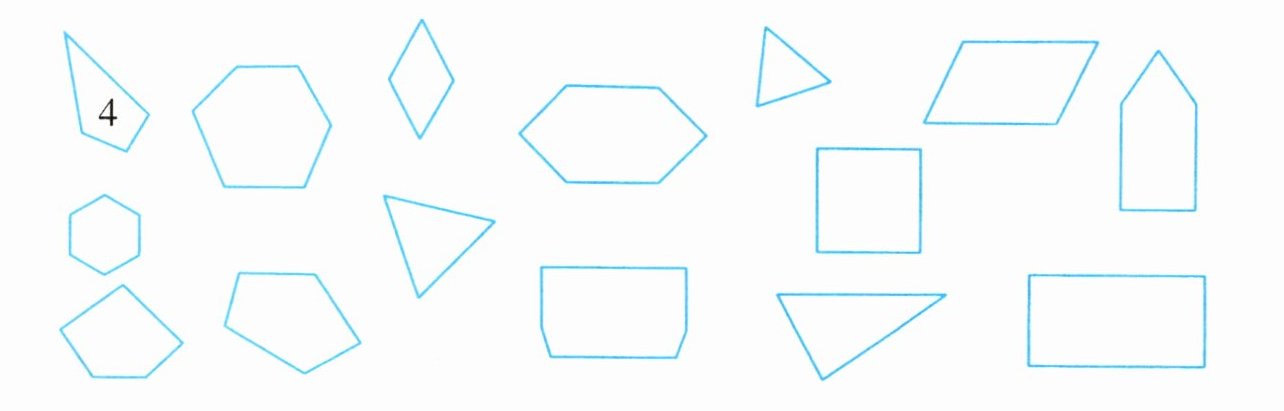 一、数数下面的图形各有几条边,照样子写一写,再填表。
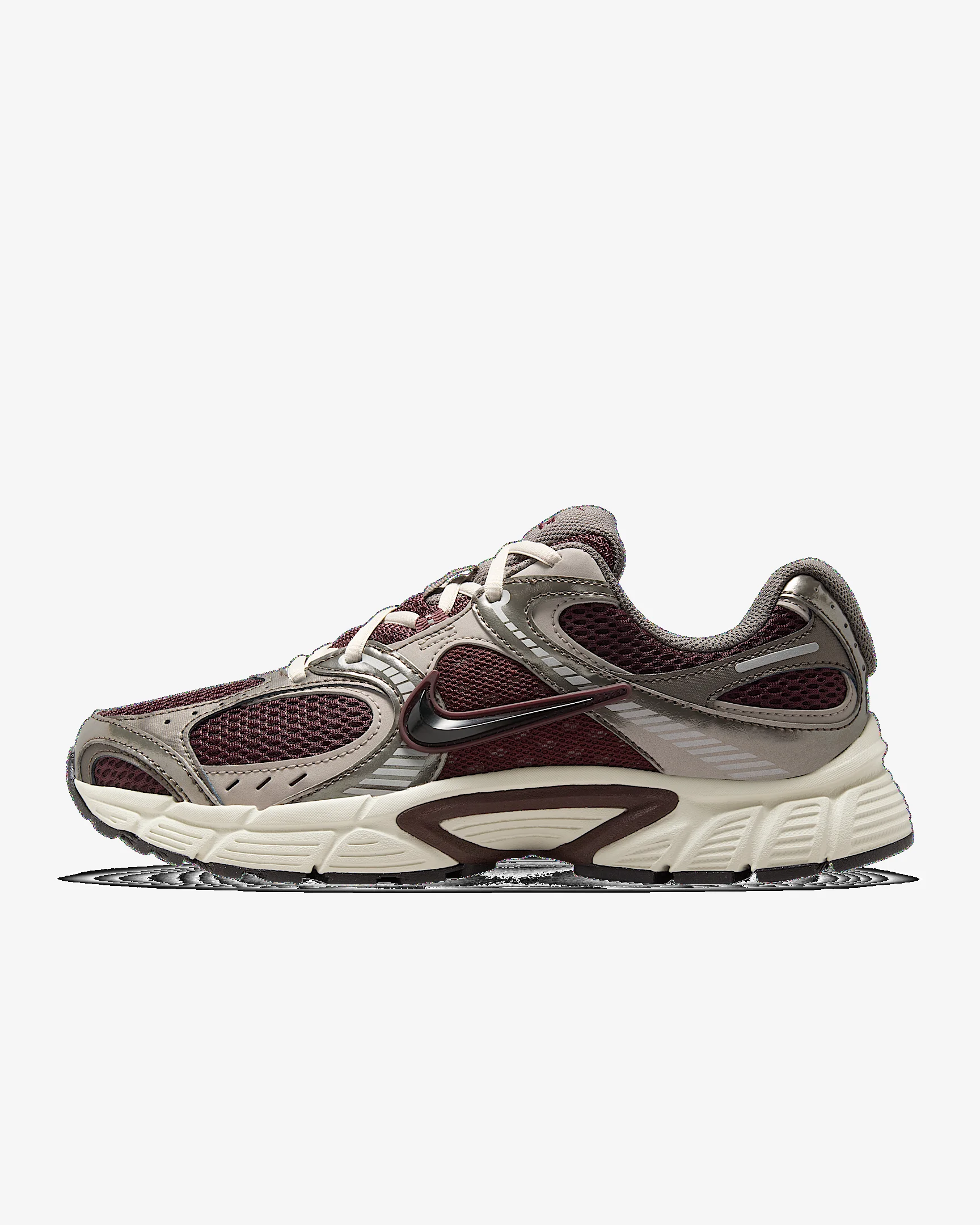 Tackle the everyday in a shoe that matches comfort with style. Staying true to its Y2K roots, the V5 RNR has a foam midsole that's chunky yet lightweight. Plus, metallic details and a 3D Swoosh logo elevate this retro runner. Benefits - Mesh upper with synthetic leather overlays is breathable and durable. - Plush collar lining and foam midsole provides all-day comfort. - Rubber outsole with '00s-inspired grooves adds great traction. Product Details - 3D Swoosh logo - Reflective details - Not intended for use as Personal Protective Equipment (PPE) - Shown: Burgundy Crush/College Grey/Light Orewood Brown/Black - Style: HQ7901-602
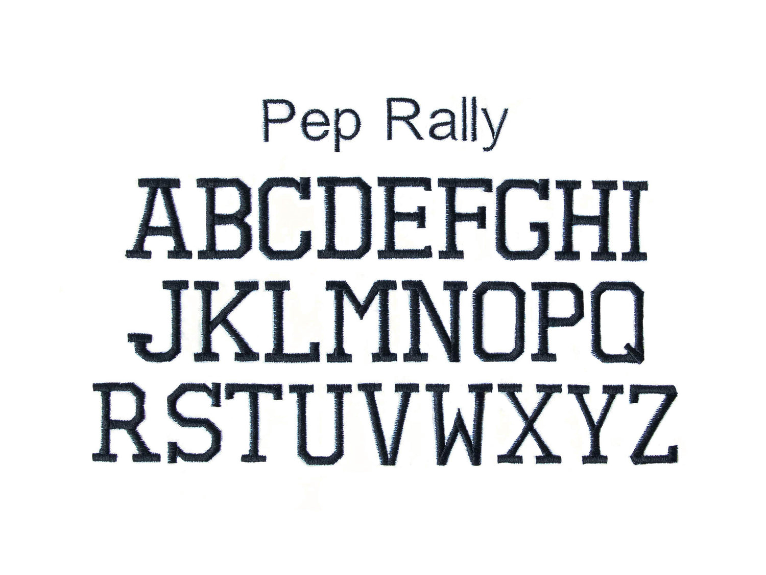 The size of embroidered designs varies depending on the number and width of the characters entered, as well as the size of the product. As such, the below examples are for letter placement only as we manually adjust each custom order to ensure you receive the best finished product possible.
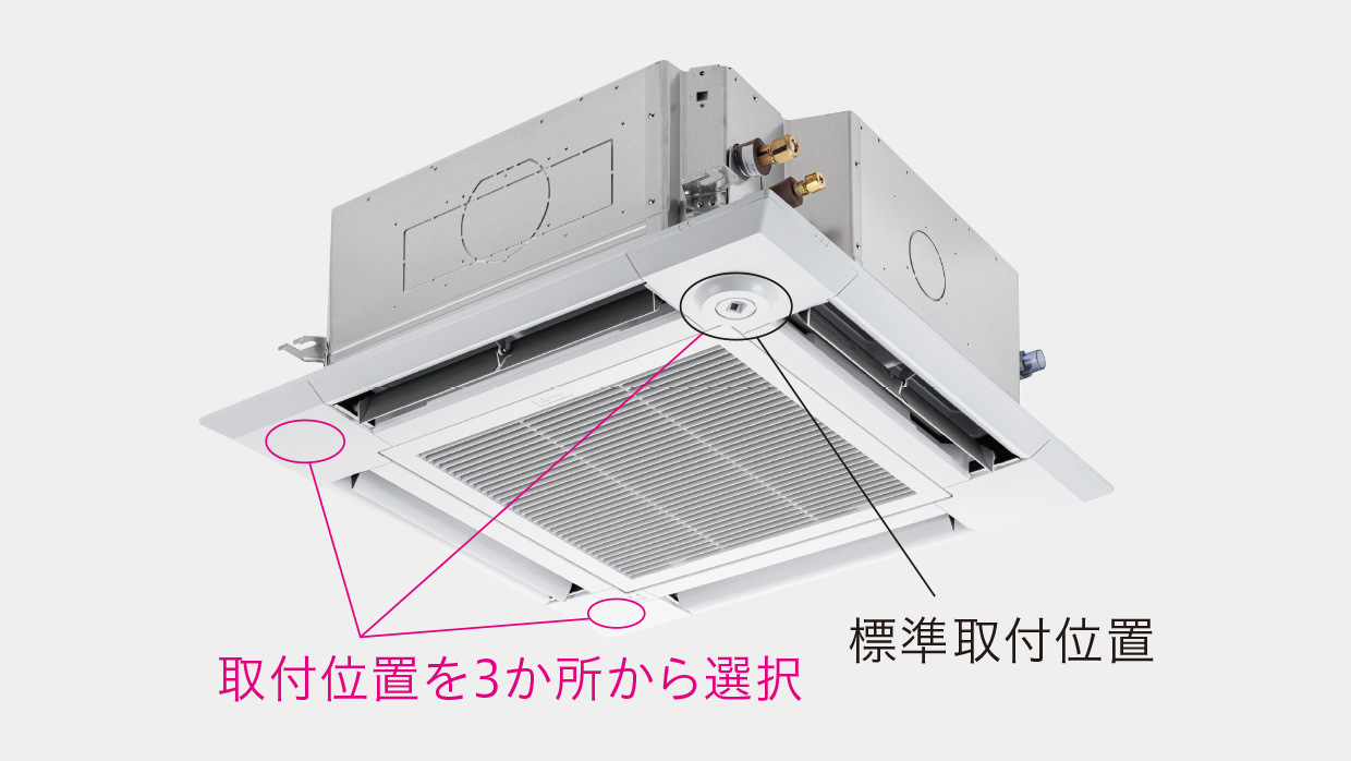ムーブアイ(センサー)取付位置は3か所から選択できるため、ユニット据付後の位置調整も簡単です。ユニット向きを統一する際の手間を削減します。
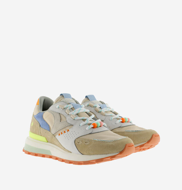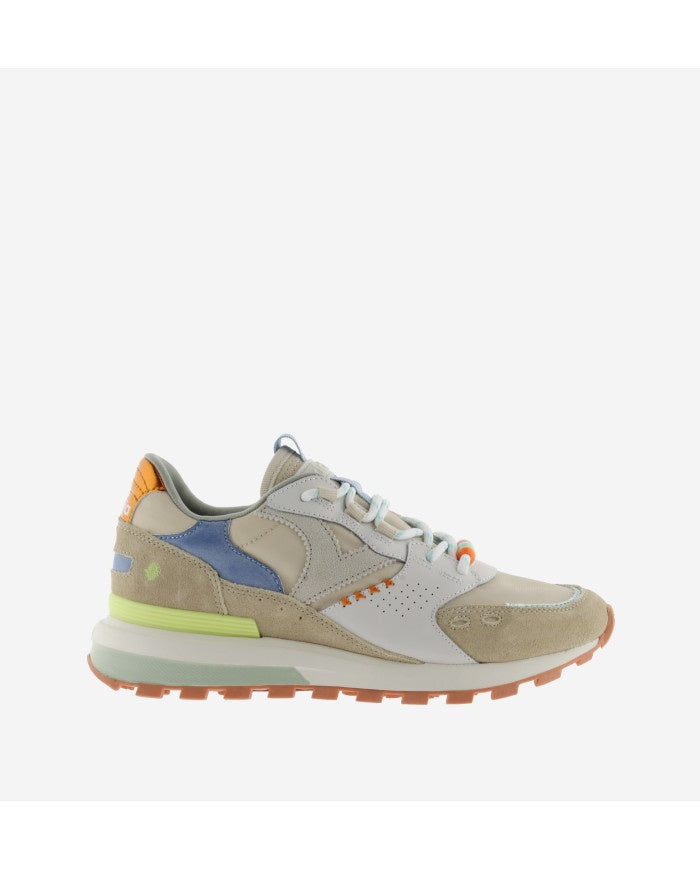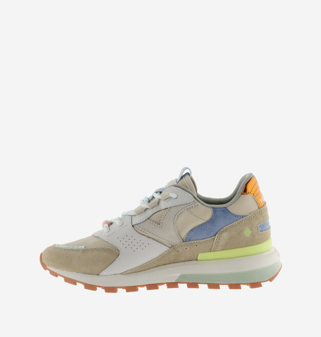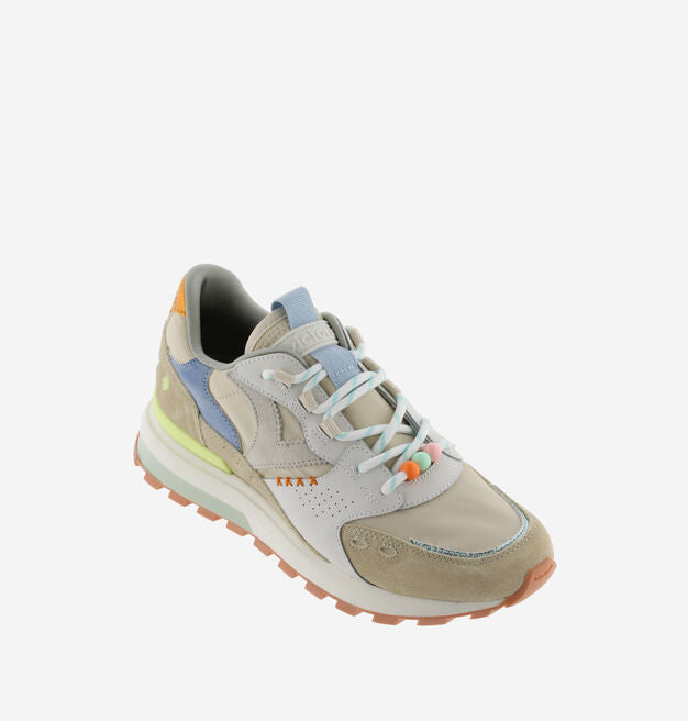 Multicolored sneaker in pastel tones, designed to bring softness and style to any look. They incorporate unique details in stitching, decorative beads and rounded laces that add a distinctive touch. Their mix of colors and textures makes these sneakers a versatile and modern option for everyday wear.

AIM OF THE TASK: The material is to be written out word for word, and the pictures are to be left out.

EXERCISE OUTPUT:
 一、数数下面的图形各有几条边,照样子写一写,再填表。
 Tackle the everyday in a shoe that matches comfort with style. Staying true to its Y2K roots, the V5 RNR has a foam midsole that's chunky yet lightweight. Plus, metallic details and a 3D Swoosh logo elevate this retro runner. Benefits - Mesh upper with synthetic leather overlays is breathable and durable. - Plush collar lining and foam midsole provides all-day comfort. - Rubber outsole with '00s-inspired grooves adds great traction. Product Details - 3D Swoosh logo - Reflective details - Not intended for use as Personal Protective Equipment (PPE) - Shown: Burgundy Crush/College Grey/Light Orewood Brown/Black - Style: HQ7901-602
 The size of embroidered designs varies depending on the number and width of the characters entered, as well as the size of the product. As such, the below examples are for letter placement only as we manually adjust each custom order to ensure you receive the best finished product possible.
ムーブアイ(センサー)取付位置は3か所から選択できるため、ユニット据付後の位置調整も簡単です。ユニット向きを統一する際の手間を削減します。
 Multicolored sneaker in pastel tones, designed to bring softness and style to any look. They incorporate unique details in stitching, decorative beads and rounded laces that add a distinctive touch. Their mix of colors and textures makes these sneakers a versatile and modern option for everyday wear.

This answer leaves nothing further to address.